-- Data provided follows --

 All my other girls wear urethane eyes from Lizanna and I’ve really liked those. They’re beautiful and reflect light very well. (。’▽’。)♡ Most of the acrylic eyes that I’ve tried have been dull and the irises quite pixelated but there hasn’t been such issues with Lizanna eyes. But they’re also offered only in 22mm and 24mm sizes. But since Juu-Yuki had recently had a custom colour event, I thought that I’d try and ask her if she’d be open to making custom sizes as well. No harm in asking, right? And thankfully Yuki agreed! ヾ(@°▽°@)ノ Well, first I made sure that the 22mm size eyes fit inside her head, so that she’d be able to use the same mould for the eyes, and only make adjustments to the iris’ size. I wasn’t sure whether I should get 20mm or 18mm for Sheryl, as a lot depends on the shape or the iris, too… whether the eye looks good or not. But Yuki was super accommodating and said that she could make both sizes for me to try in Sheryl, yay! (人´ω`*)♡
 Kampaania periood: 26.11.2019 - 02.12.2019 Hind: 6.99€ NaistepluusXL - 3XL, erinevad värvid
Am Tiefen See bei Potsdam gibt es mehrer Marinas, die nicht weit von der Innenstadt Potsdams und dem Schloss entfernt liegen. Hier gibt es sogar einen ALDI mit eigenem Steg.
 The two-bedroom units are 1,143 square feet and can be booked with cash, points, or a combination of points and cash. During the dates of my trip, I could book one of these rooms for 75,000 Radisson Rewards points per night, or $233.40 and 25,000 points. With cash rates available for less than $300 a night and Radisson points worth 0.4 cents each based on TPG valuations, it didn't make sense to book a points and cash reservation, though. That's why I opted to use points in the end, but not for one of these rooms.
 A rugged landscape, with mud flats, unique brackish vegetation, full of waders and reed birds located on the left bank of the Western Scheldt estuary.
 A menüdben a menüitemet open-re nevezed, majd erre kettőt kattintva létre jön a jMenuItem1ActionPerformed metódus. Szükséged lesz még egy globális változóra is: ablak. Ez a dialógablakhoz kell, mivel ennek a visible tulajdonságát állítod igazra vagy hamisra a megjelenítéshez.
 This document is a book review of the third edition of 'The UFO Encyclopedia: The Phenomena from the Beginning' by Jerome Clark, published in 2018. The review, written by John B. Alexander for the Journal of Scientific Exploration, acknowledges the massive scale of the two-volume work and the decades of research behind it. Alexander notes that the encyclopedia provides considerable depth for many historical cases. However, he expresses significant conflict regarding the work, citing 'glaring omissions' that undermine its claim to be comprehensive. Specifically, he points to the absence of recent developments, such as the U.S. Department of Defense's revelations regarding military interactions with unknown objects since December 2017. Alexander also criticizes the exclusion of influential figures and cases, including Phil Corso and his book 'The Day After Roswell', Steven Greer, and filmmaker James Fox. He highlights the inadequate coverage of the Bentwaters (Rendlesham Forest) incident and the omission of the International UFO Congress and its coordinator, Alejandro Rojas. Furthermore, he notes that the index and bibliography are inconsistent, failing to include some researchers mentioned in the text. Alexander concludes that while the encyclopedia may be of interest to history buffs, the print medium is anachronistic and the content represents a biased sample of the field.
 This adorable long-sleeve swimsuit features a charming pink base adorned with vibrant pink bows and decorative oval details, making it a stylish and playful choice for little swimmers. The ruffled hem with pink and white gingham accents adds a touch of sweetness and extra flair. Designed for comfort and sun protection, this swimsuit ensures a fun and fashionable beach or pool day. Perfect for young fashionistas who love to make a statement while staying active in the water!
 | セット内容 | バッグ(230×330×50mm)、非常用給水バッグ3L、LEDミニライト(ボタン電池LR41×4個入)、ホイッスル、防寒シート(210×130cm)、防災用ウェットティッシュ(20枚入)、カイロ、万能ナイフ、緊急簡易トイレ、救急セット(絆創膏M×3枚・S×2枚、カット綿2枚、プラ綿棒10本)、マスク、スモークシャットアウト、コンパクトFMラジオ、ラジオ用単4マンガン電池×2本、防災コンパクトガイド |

-- Data provided concluded --

▶ _Action item_: Look back at the data above. Transcribe exactly the lines starting at the line that contains "Am Tiefen See" and ending at the line that contains "A menüdben a".

▶ _Completed task_:
Am Tiefen See bei Potsdam gibt es mehrer Marinas, die nicht weit von der Innenstadt Potsdams und dem Schloss entfernt liegen. Hier gibt es sogar einen ALDI mit eigenem Steg.
 The two-bedroom units are 1,143 square feet and can be booked with cash, points, or a combination of points and cash. During the dates of my trip, I could book one of these rooms for 75,000 Radisson Rewards points per night, or $233.40 and 25,000 points. With cash rates available for less than $300 a night and Radisson points worth 0.4 cents each based on TPG valuations, it didn't make sense to book a points and cash reservation, though. That's why I opted to use points in the end, but not for one of these rooms.
 A rugged landscape, with mud flats, unique brackish vegetation, full of waders and reed birds located on the left bank of the Western Scheldt estuary.
 A menüdben a menüitemet open-re nevezed, majd erre kettőt kattintva létre jön a jMenuItem1ActionPerformed metódus. Szükséged lesz még egy globális változóra is: ablak. Ez a dialógablakhoz kell, mivel ennek a visible tulajdonságát állítod igazra vagy hamisra a megjelenítéshez.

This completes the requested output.